Б. Д.: Поскольку не все знают, что это такое, лучше пояснить.

И. У.: Каждому из нас приходилось сталкиваться с такой ситуацией: когда мы покупаем новый прибор (от микроволновки до мобильного телефона), оказывается, что судя по очень толстой инструкции, эта штука умеет много всего делать. Но понять, как от нее добиться, чтобы она все это делала, нет никакой возможности. И, как правило, человек пользуется очень узким спектром возможностей - из 100% он использует 6-7%, и это нормально. В жизни вообще так часто бывает. Мы покупаем какую-нибудь скороварку для блинов. Один раз ее используем и кладем на дальнюю полку, чтобы больше не доставать.

Д. И.: Так мы и судьбу свою используем на те же 6 – 7% по сравнению со своими возможностями.

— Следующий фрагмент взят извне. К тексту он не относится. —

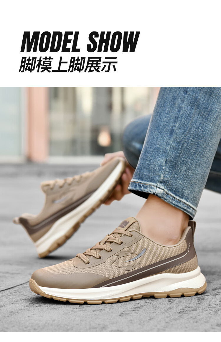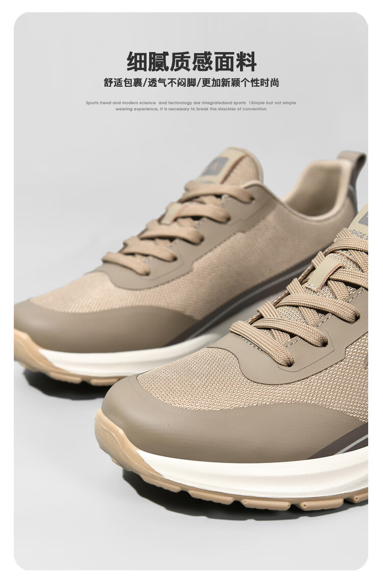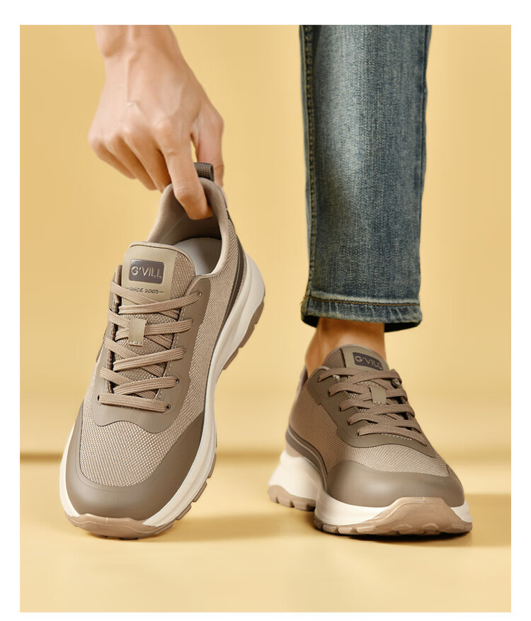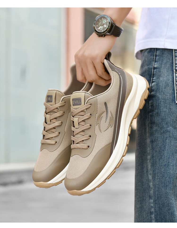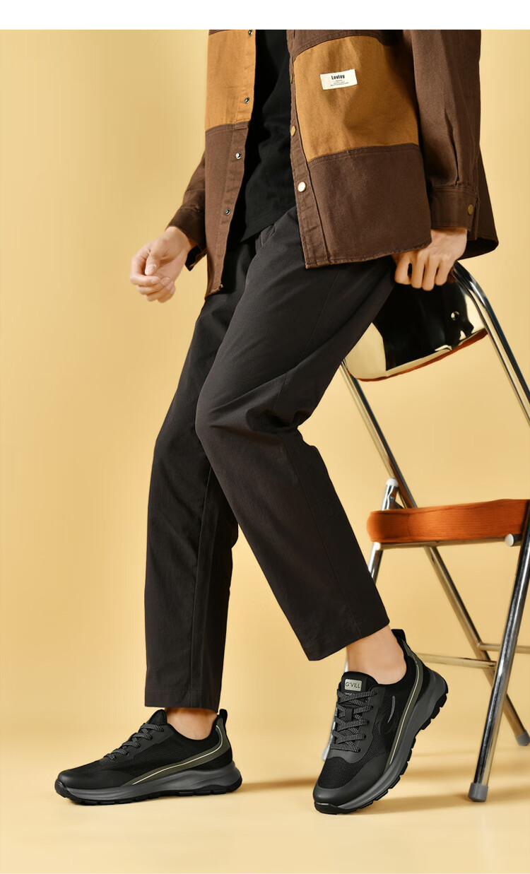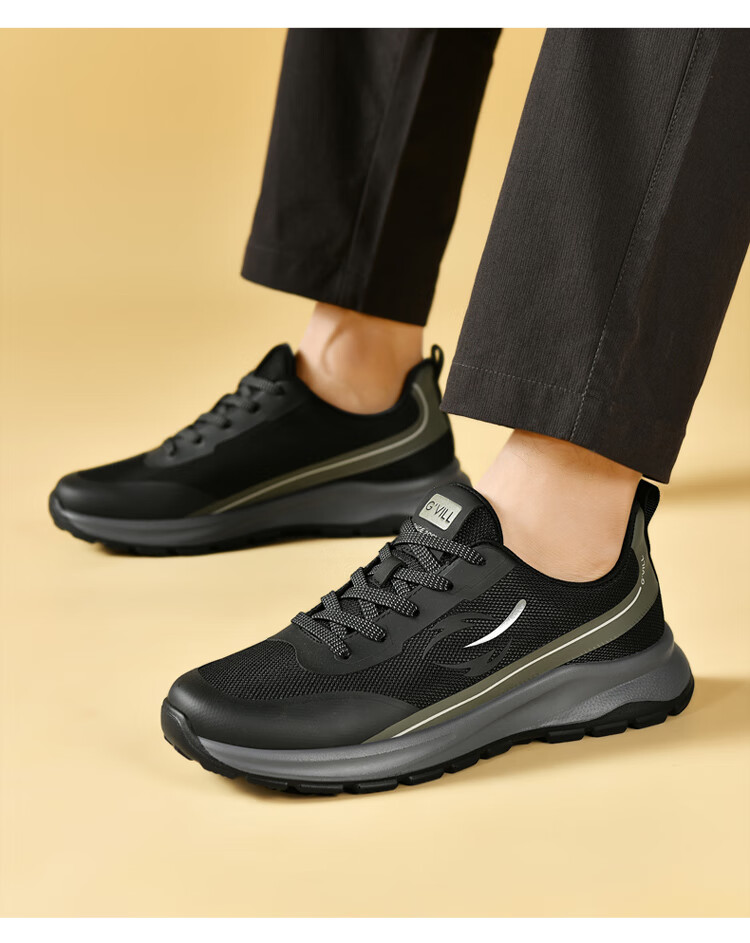 贵之步新款秋冬季舒适软底防滑缓震休闲鞋男款厚底增高运动鞋男鞋 黑杏 G003 42 (运动鞋码)

И. У.: Да, наверное. Но эта проблема в значительной степени объясняется тем, что все приборы, в которых есть вычислительные устройства, от банкомата до компьютера и микроволновки, ведут себя по отношению к людям очень недружелюбно. Их проектировали люди с техническими мозгами, у которых все получается, если они захотят, а не обычные люди, которые с техникой на «вы». А потом оказывается, что банкомат задает мне какие-то ненужные вопросы, а я не тот номер ввожу - и он отправляет мои деньги неизвестно куда.

Б. Д.: То есть машина настроена так, что она выполняет свои функции, а не так, чтобы ее понимал человек.

И. У.: Получается, машина направлена на какие-то собственные цели, и эти цели не всегда согласуются с нашими, а потому нам неудобно с ней общаться. Она заставляет нас обслуживать какие-то свои нужды. Например, Windows задает мне вопрос, а не установить ли такое, а не сделать ли тебе такое? Господи, самые полезные источники в Интернете - это справочники техслужб Windows, которые можно отключить, чтобы стало легче жить. Для того чтобы человеку было комфортно и удобно общаться с техникой, нужно сделать это взаимодействие соответствующим «человеческому формату». А как оно устроено? Становится понятным, что здесь не работают расхожие представления традиционной лингвистики.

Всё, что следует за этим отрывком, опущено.